Month: March 2009

  • This is two balls of Wonderwool Glanzeffect (that means "shiny") becoming Salt Peanuts from Interweave.

    The new Knitty is up, and it includes some nice stuff. Here are my favorites: the Aeolian shawl which may be just the right triangular shawl pattern that I've been looking for since last spring, a lacy cardigan which seems like a good season-spanning choice, a kids' hoodie with stegosaurus scales, fancy socks, and an intriguing selection of book reviews.

    #1 daughter and I ventured out yesterday. I had to renew my driver's license and get to the bank, and we went ahead and had half a sandwich and salad apiece at Jason's Deli. We were talking business. #1 daughter, in addition to providing moral support, is also trying to help me get on with the second of my three business goals of the year: getting systems in place.

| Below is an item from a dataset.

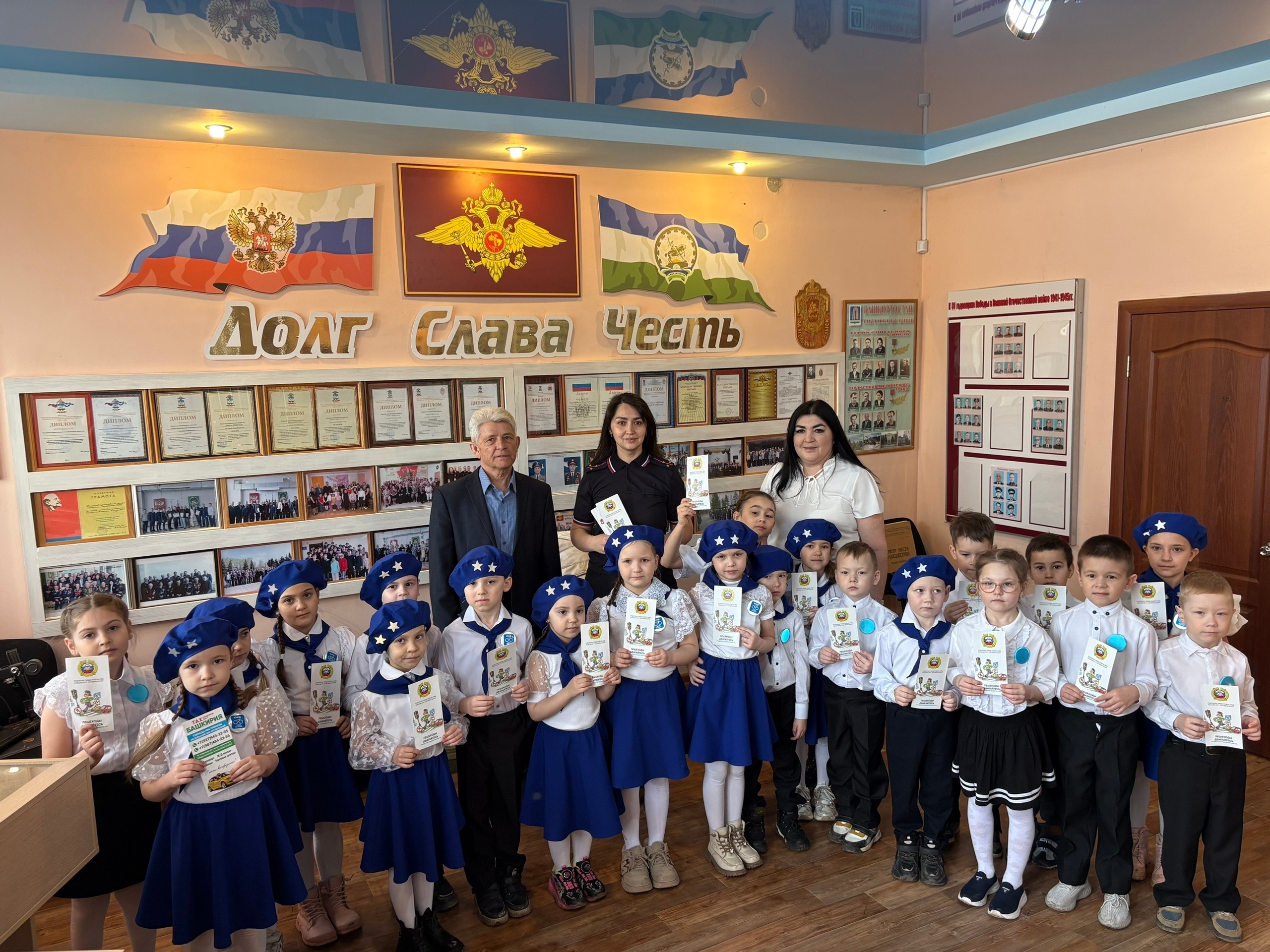 Для ребят провели увлекательную лекцию о правилах дорожного движения, объяснили значение дорожных знаков и сигналов светофора. Дети посетили музей отдела полиции, получили полезные памятки.

    I'd seen a group of book reviews for business books designed for creative workers or for women, and I was thinking that I might find those more helpful than the ones that leap into things like LLC and GL. So, having had our lunch, we went to the bookstore in search of such a thing. Instead, I found -- and bought -- a collection of toy patterns by Alan Dart.

    I'm a fan of Dart's -- his Christmas Handbook and Witch's Handbook written with Malcom Bird are favorite holiday books of mine, and he's just so cute. His knitted hedgehog with hot water bottle and pirate with full costume are pretty fascinating.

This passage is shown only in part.